Although insurers are beginning to use enterprise incentive management systems, they have yet to take advantage of the technology's broader potential, according to Chad Hersh, senior analyst at Boston-based Celent Communications. Most insurers are using EIM tactically-to manage producer compensation more efficiently, he says. "But insurers won't see the true value of EIM until they use it strategically," he says. "Otherwise, it just fixes a broken system."Strategic uses of EIM include managing individual producer profitability as well as distribution channel profitability, according to Hersh.
"These systems enable insurers to drill down right to the producer level to manage a channel more effectively," he says. "You can reward your best producers, and you can adjust your relationship with the ones that aren't as profitable," he says.
Penn Mutual Life Insurance Co. is an excellent example a life insurance company that is implementing enterprise incentive management for the broader strategic goal of managing its producer profitability, he adds.
"Once Penn Mutual's system is fully implemented, the company will be able to look at a producer six months into his appointment with the company and say, 'This is or isn't someone we want to spend a lot of money training or marketing to,'" Hersh notes.
EIM can also measure profitability by distribution channel.

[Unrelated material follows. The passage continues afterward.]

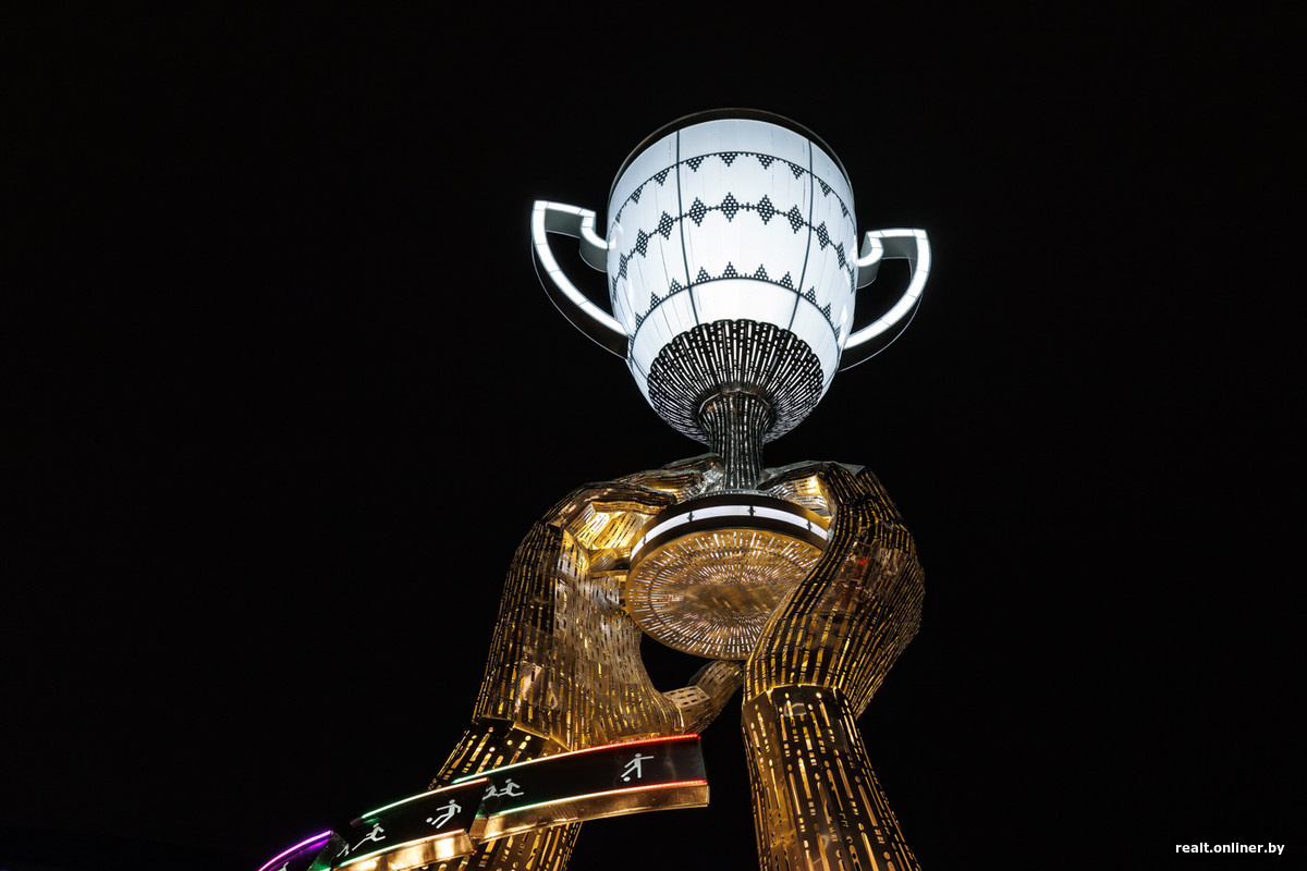 Новогодняя иллюминация — это хорошо. Но уже в конце января от нее не останется и следа. То ли дело постоянные световые фигуры. Зубр, лоси, трактор, шайба с клюшкой, гигантский футбольной мяч — в Минске можно найти что угодно. На днях ряд «ярких и заметных» пополнился новым экземпляром. На установку внушительной фигуры обратил внимание минчанин Вадим. «Эта штука точно загорится огнями невероятной красоты», — предположил читатель (и оказался прав). Монтировали инсталляцию — две руки и кубок — в течение нескольких дней. Пробный запуск подсветки был еще 15 декабря. А сейчас по вечерам «скульптура» горит вовсю. Выглядит впечатляюще. Сама фигура, конечно, и есть подсказка, но все же мы рискнем спросить: как думаете, где она находится? А теперь правильный ответ. Конечно же, фигура украшает территорию возле Национального футбольного стадиона. Вот как она смотрится на фоне светящегося здания. Есть о чем рассказать? Пишите в наш телеграм-бот. Это анонимно и быстро

An insurer can look at a brokerage channel, for example, to determine if it is performing the way it appears to be performing according to its profit and loss statement-or did the company just have a couple of big individual sales to a large wealth management client," he says.

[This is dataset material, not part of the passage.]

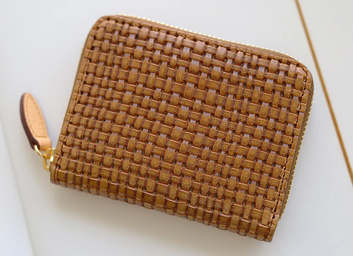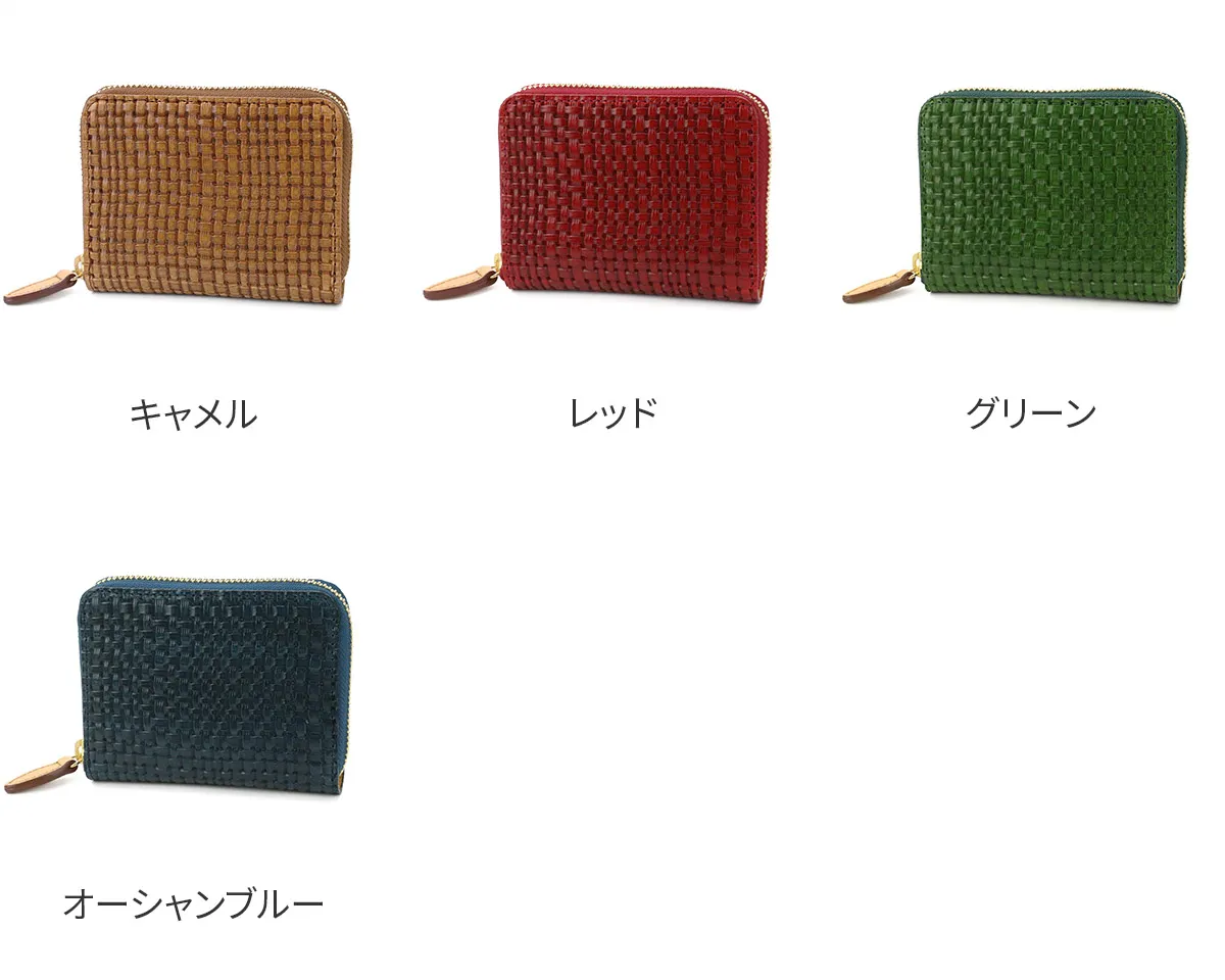 イタリア製牛ショルダーをタンニンでなめし、縄網の様なメッシュ柄を深く型押しをした素材。コバは切れ目を磨き込んだスタイリッシュでユニセックスなニューラインです。 ラウンドファスナーを開くと、手帳のように180度大きく開き中が見やすい作りです。BOXタイプの小銭入れは、ボタンを開けると硬貨全て一目でを確認できます。 お札入れは片側が縫われていないので、紙幣が取り出しやすい構造です。きちんと収納しながらも、スマートなフォルムを維持するラウンドファスナータイプの二つ折り財布です。

Because compensation analysts can more easily tweak incentives using EIM versus legacy compensation systems, insurers can more quickly change those incentives to meet market conditions. "An insurer can heavily (push) a new product to the market, and taper that off over time," Hersh says. "In the legacy system, that can be extremely difficult because they have to do a lot of re-coding."

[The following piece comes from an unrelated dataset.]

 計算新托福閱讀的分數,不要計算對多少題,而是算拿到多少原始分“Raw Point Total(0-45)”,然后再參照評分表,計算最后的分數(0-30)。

What's more, an EIM system can improve accuracy and provide more timely compensation information to producers, according to sources.
Some companies may be underpaying or overpaying their sales representatives, and that can be painful, notes Jim Lazarz, vice president of field compensation at CUNA Mutual Group, a Madison, Wis.-based financial services firm that implemented an EIM system last year. "People in the field may be coming to you saying, 'You're paying me wrong; prove to me that you're paying me right.'"
To minimize those kinds of inquiries, Penn Mutual's EIM system, once fully deployed, will enable the company to provide its producers more detailed statements along with their checks.
"They'll be getting checks and statements simultaneously and they will know the specific policies they're being paid for," says Neeta Garg, assistant vice president, sales business information at the Horsham, Pa.-based insurance company. "The information we will be able to provide them will be so much more detailed than in the past. So, fewer questions, fewer phone calls, and hopefully more satisfaction."